*Required work:*
Exact reproduction is required for the lines below starting at the line with "Ak Trouville Calvados, la" and ending at the line with "本セミナーでは、ヤフー株式会社でD.E. & I.", both included. No other lines, and no pictures.

[Records excerpted from a collection]
_ _ _ _ _

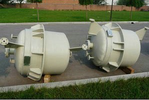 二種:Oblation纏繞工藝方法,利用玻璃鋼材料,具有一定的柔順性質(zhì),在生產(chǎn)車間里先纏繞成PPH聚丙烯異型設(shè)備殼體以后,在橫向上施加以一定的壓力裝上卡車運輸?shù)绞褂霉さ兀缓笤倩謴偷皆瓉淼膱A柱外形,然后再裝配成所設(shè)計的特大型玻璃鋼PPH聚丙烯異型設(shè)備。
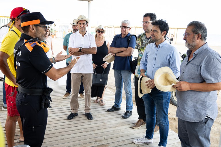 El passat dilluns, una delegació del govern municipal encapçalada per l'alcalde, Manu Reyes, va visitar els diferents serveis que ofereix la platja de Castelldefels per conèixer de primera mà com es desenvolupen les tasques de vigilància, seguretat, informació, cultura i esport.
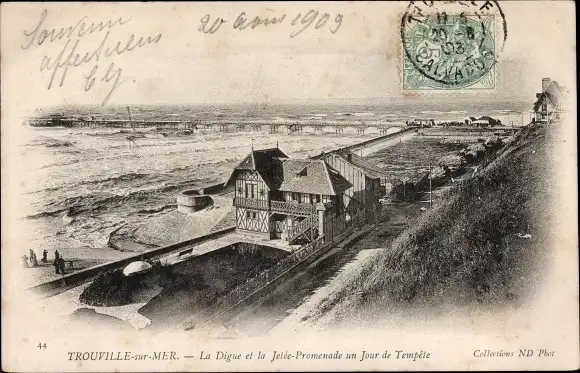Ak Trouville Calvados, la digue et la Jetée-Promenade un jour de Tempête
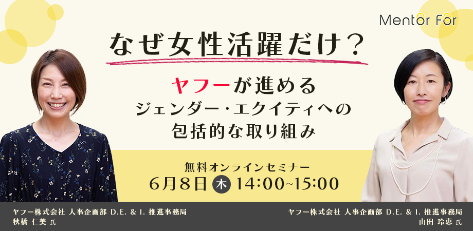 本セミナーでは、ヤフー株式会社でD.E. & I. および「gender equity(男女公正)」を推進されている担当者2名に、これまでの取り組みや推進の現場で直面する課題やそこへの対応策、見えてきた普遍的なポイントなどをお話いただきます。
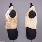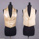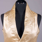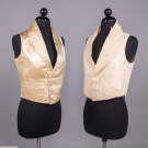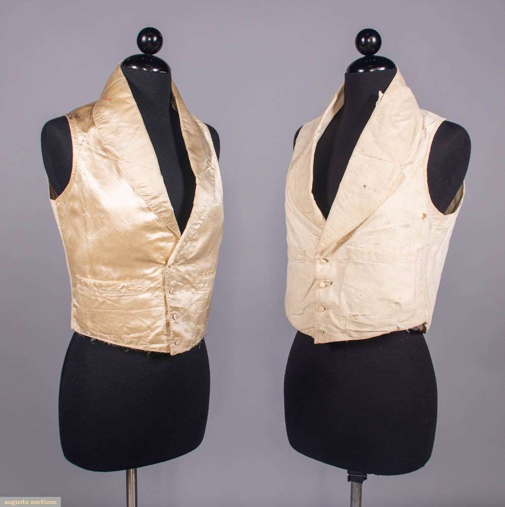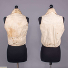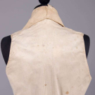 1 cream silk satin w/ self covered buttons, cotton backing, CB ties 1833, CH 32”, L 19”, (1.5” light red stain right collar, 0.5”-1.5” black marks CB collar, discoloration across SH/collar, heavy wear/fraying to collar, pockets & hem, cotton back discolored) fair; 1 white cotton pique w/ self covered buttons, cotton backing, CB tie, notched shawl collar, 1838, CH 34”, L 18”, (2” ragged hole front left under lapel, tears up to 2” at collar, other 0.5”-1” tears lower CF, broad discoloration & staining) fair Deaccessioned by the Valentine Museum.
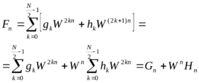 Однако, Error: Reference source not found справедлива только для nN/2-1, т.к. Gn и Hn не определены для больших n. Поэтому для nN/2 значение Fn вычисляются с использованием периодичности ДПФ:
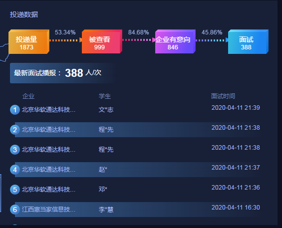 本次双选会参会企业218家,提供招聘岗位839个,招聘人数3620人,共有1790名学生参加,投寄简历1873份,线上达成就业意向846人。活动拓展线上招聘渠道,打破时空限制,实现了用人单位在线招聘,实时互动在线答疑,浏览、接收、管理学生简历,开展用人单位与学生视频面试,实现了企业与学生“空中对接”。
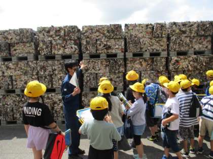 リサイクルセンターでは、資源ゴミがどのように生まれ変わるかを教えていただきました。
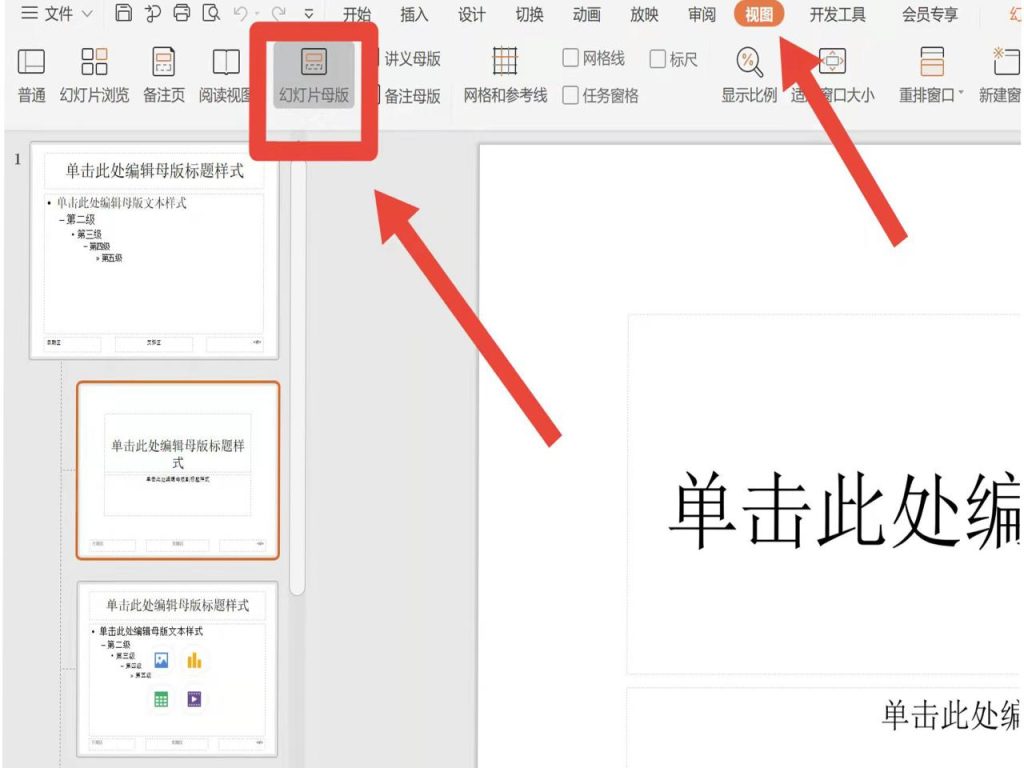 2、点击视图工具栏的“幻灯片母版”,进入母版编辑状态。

_ _ _ _ _

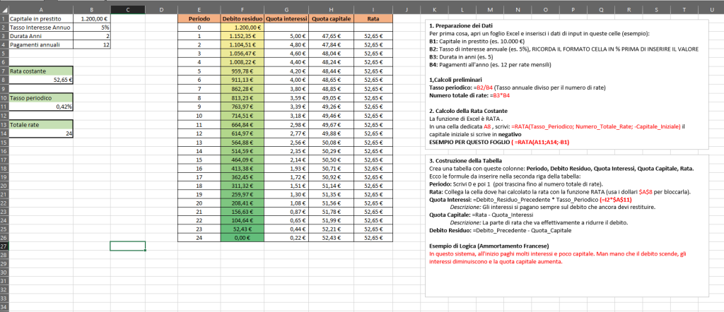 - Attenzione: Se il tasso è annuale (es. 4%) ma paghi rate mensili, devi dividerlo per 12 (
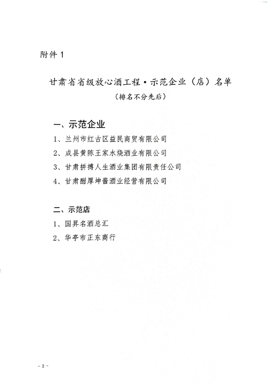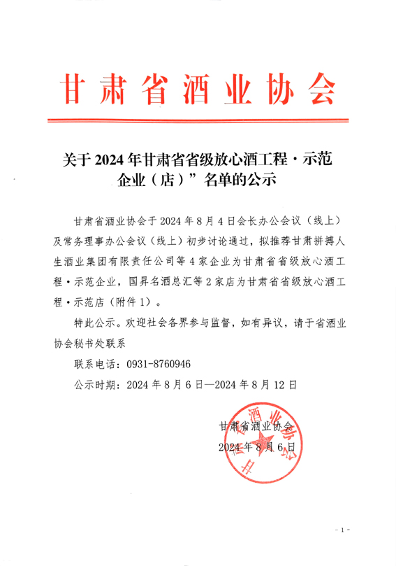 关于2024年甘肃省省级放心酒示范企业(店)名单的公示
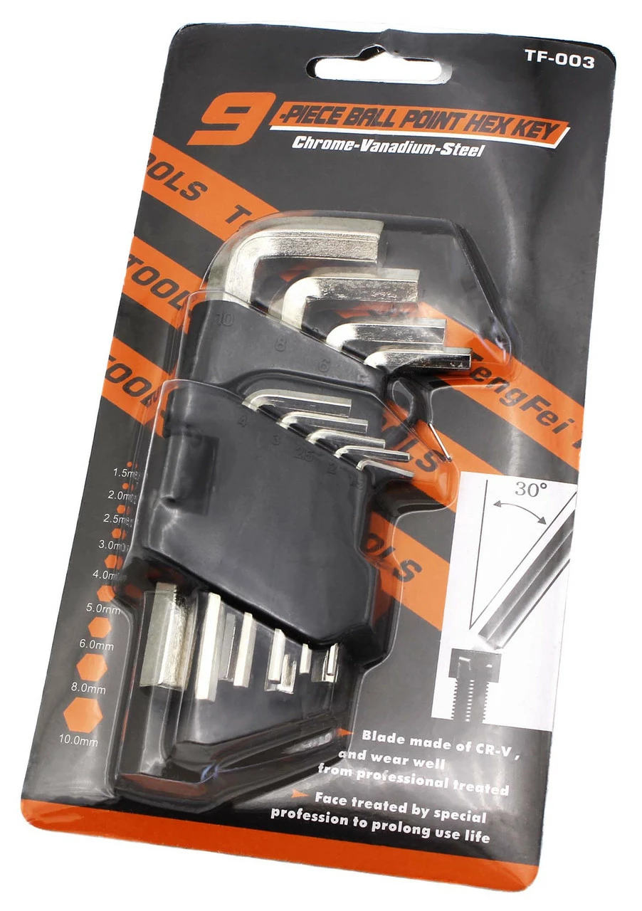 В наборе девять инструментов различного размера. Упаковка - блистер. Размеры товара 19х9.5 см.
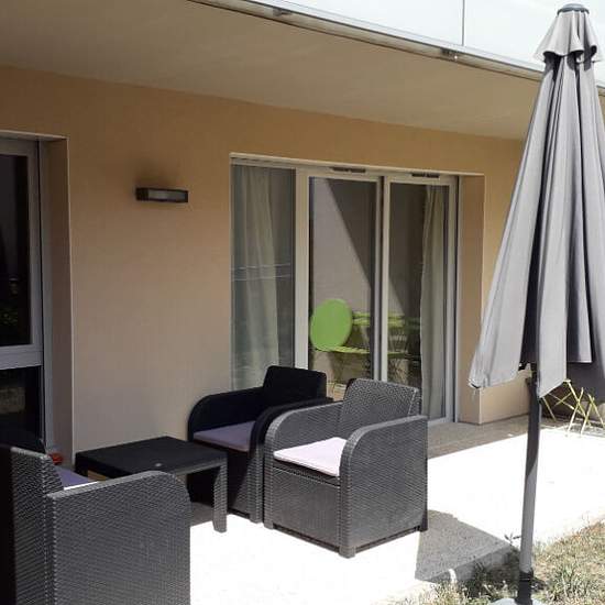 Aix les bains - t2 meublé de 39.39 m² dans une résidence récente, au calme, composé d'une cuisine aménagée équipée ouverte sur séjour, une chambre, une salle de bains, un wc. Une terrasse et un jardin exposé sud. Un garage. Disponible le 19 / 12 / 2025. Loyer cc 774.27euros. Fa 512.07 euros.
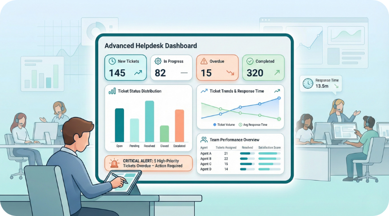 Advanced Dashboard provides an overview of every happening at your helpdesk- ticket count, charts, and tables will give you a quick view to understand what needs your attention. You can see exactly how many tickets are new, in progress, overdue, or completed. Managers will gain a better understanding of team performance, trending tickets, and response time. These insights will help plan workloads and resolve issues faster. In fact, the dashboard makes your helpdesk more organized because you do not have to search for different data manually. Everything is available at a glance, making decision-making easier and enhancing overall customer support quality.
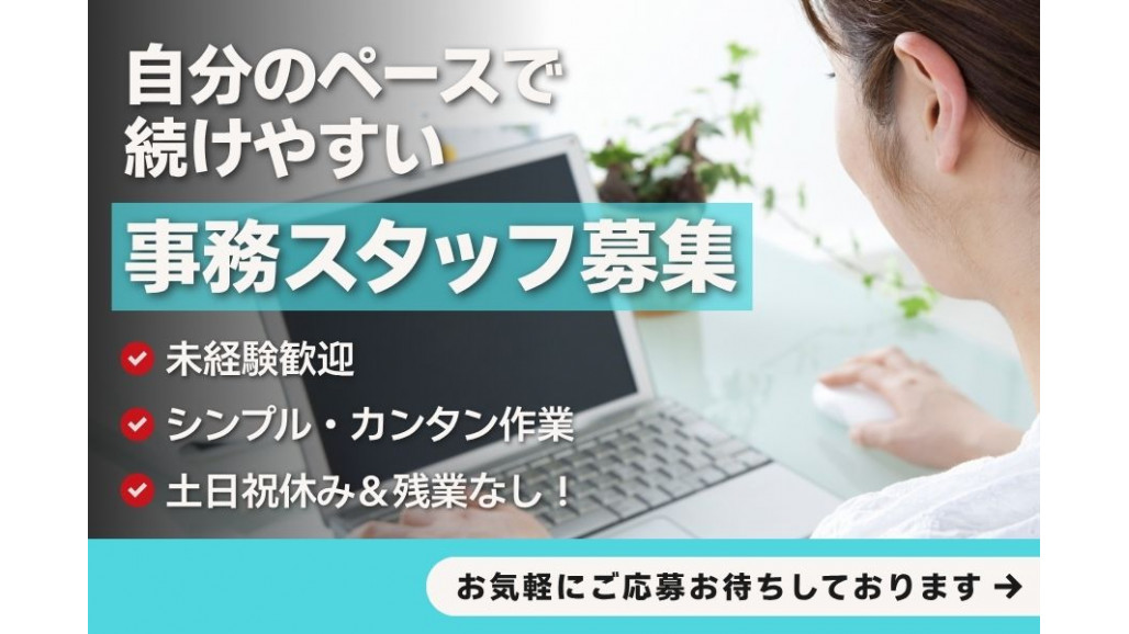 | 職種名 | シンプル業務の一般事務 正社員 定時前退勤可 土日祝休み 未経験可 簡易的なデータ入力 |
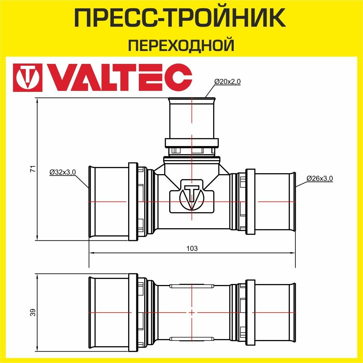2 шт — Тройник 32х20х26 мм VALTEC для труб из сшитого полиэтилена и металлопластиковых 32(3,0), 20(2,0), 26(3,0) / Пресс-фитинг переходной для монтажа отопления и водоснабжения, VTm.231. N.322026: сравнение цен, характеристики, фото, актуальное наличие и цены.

_ _ _ _ _

*Answer to the problem:*
Ak Trouville Calvados, la digue et la Jetée-Promenade un jour de Tempête
 本セミナーでは、ヤフー株式会社でD.E. & I. および「gender equity(男女公正)」を推進されている担当者2名に、これまでの取り組みや推進の現場で直面する課題やそこへの対応策、見えてきた普遍的なポイントなどをお話いただきます。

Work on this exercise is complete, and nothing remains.